To ensure accuracy, have someone fact check your meeting summary, especially if decisions carry financial or legal ramifications.

Wherever consensus wasn’t reached on a topic, note the remaining open questions or issues. Don’t let lack of agreement quietly die without follow-up.

Outline Action Items and Owners

Coming out of most meetings, certain attendees will be on the hook to complete tasks going forward. The follow-up email provides a convenient place to clearly assign and document responsibilities.

For each action item, include:

  • Task description
  • Owner
  • Due date

Where it makes sense, include any relevant background or guidance to help owners execute on their assignments.

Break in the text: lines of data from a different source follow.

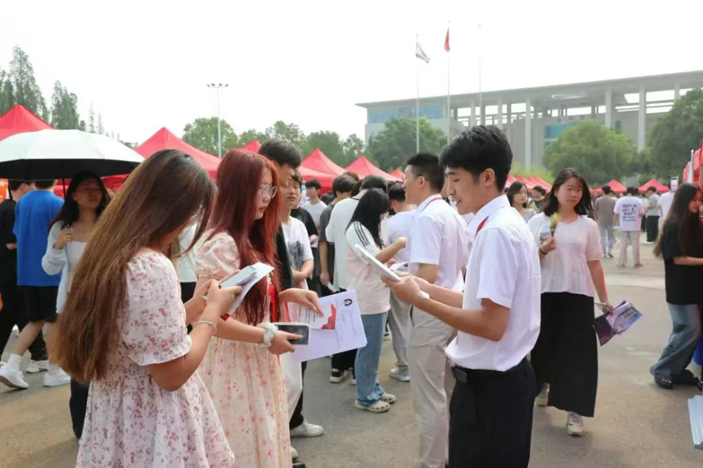 在校园招聘环节,安徽金日晟矿业有限责任公司、金寨视窗等26 家文旅企业携带 460 多个岗位来到现场,吸引了 600 余名学生参与。经过充分的沟通交流,300 余名学生与企业达成初步就业意向。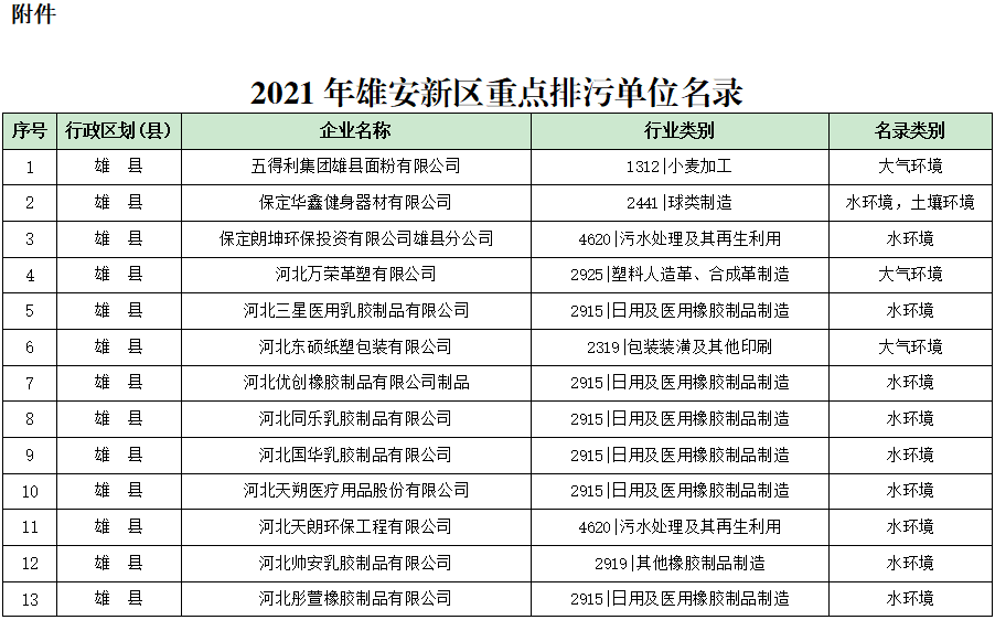 按照《企业事业单位名录信息公开办法》有关规定,现将调整后的《2021年雄安新区重点排污单位名录》予以公布,详见附件。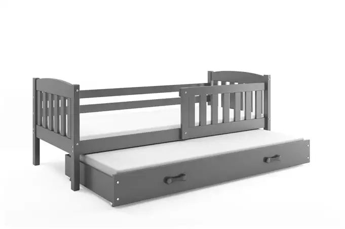 Lovos rėmas – pagamintas iš pušies medienos, dažytas vandens pagrindo laku. Surinkimo priedai – greitas ir paprastas surinkimas. Čiužiniai – 7 cm storio (2 vnt.), su nuimamu užvalkalu, oro kondicionavimo pluoštu ir poliuretano putomis. Užvalkalas – dygsniuotas hipoalerginis poliesterio audinys, su užtrauktuku. Rėmas – esame vienintelė įmonė, siūlanti rėmą, pagamintą iš spyruoklinių beržo medienos lentelių, tvirtinamą PVC rankena ant metalinės juostelės, naudojant spragtelėjimo sistemą (greitas surinkimas). Stalčius – pagamintas iš medžio drožlių plokštės, su papildoma miegojimo funkcija. Stalčiaus rankena – pagaminta iš PVC. Stalčiaus ratukai. Apvalinimas – R2 spindulys. Keliamoji galia – 100 kg kiekvienam lygiui. Sertifikuota lova – kokybė ir saugumas pagal TUV standartus.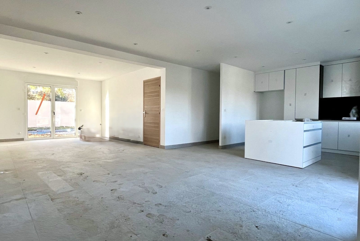 D’une surface d’environ 100 m2, elle offre une belle pièce de vie lumineuse avec une cuisine aménagée et semi-équipée ouverte sur le séjour salon.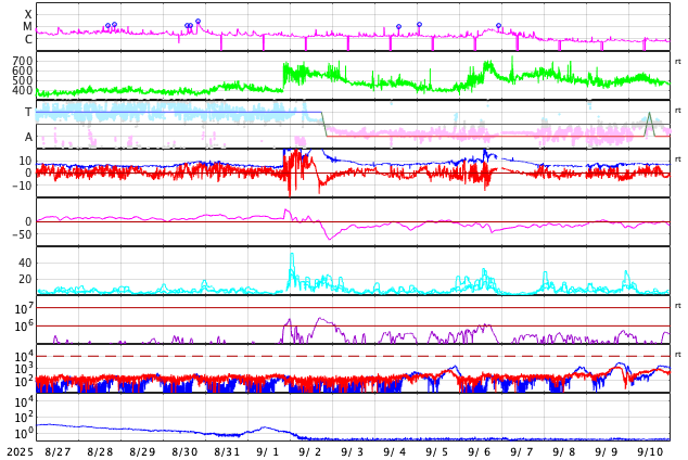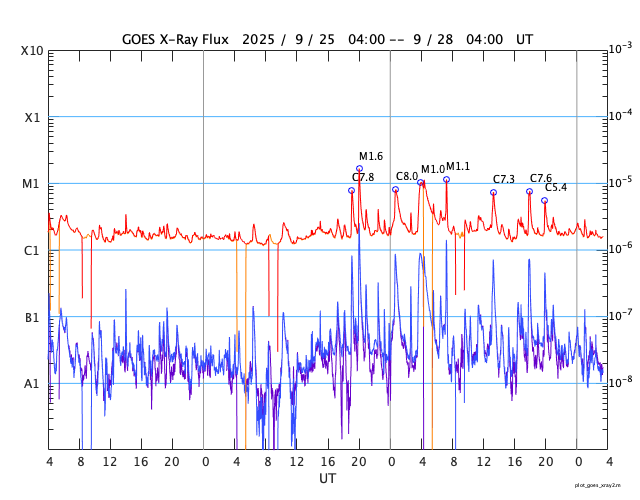 GOES衛星の太陽X線強度。赤・橙 = 0.1〜0.8 nm、青・紫 = 0.05〜0.4 nm (c) データ:NOAA/SWPC、作図:宇宙天気ニュース ![]() | |||||||||||||||||||||||||||||||||||||||||||||||||||||||||||||||||||||||||||||||||||||||||||||||||||||||||||||||||||||||||||||||||||||||||||||||||||||||||||||||||||||||||||||||||||||||||||||||||||||||||||||||||||||||||||||||||||||||||||||||||||||||||||||||||||||||||||||||||||||||||||||||||||||||||||||||||||||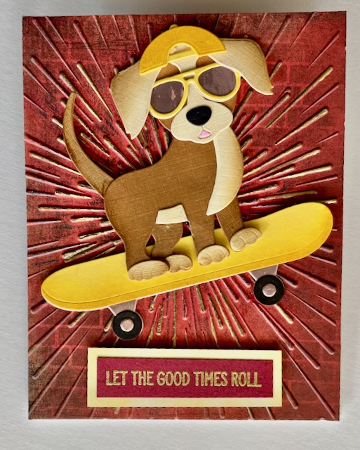 #21 Maureen Morton – Anna-Karin says: This is such a vibrant and fun card! The dog riding the skateboard is fantastic and I really like the colors and textures. And the sentiment! The star burst backgrounds fits perfectly with the energy of the card.

Having action items prominently outlined in a follow-up email, as opposed to scattered meeting notes, focuses accountability. According to the Harvard Business Review, this practice increases successful task completion by 24%.

Share Relevant Meeting Materials

Often meetings will involve reviewing documents, data, or presentations. Don’t lose momentum by waiting to share these artifacts. Include them as attachments to your follow-up for reference.

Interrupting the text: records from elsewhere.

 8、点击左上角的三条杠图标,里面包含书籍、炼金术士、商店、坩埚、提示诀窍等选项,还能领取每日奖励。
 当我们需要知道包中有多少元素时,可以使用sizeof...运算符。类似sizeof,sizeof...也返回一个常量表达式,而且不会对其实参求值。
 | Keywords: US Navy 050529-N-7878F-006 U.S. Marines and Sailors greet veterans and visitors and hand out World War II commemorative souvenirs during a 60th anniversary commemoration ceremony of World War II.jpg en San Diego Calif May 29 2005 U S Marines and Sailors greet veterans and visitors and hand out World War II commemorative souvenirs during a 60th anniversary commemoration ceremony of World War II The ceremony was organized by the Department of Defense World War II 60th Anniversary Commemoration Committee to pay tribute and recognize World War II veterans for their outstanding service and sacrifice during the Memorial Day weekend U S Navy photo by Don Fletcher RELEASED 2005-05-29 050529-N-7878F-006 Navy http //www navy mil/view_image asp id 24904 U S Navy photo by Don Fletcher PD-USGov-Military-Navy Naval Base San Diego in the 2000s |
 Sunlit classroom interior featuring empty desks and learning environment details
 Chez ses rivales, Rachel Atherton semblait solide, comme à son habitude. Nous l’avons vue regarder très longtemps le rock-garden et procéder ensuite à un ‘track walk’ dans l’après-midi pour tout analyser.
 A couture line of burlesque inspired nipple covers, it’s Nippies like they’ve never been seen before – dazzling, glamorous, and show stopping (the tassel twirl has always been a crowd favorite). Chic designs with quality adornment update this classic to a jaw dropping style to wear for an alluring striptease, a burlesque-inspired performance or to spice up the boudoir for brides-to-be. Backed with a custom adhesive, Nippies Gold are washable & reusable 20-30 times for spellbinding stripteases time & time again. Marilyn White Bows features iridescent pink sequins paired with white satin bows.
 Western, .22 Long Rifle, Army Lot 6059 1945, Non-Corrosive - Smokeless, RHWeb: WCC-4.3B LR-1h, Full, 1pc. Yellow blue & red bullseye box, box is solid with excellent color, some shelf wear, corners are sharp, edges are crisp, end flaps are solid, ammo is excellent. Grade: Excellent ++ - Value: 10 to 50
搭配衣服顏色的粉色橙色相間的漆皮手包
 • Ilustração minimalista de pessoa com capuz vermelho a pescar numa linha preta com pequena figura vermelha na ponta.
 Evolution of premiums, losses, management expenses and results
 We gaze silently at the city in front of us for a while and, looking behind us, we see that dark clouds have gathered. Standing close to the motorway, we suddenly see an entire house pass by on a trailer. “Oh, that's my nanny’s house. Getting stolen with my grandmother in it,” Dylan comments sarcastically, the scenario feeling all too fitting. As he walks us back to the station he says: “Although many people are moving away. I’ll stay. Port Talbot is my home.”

This also prevents attendees from coming back later saying they can’t remember the specifics covered in some slide or report.

For meetings by Webex](, [Zoom, or other platforms with recordings, you can share the video link for those who want to rewatch portions.

Give people access to the information when it’s still top of mind. They can reference it as needed while executing next steps.

Solicit Feedback on the Meeting

Each follow-up email provides an opportunity to collect feedback and suggestions for improving future meetings.

You can include a simple open-ended question, poll, or rating scale. For example:

  • On a scale of 1 to 5, how valuable was this meeting?
  • What worked well about this meeting?
  • What can we do better next time?

Soliciting candid input demonstrates you’re committed to continuous improvement. It also makes attendees feel heard.

According to leadership coach Liane Davey, consistently requesting feedback increases meeting scores by 30% over 2 months.

Other Tips for Following Up after Meetings

Here are a few other tips to amplify the impact of your post-meeting follow-up:

  • Use bullets and sections – Break up dense blocks of text for better scannability.
  • Clarify next steps – Conclude by highlighting what comes next and when you’ll connect again.
  • Limit recipients – Only include those who truly need to know.
  • Specify replies – If action items require responses, request they reply to the thread.
  • Note absentees – Bring absent stakeholders up to speed.
  • Follow-up personally – Connect one-on-one if specific outcomes require it.
  • Track tasks – Enter action items into your project management system.
  • Automate reminders – Calendarize deadlines for notifications.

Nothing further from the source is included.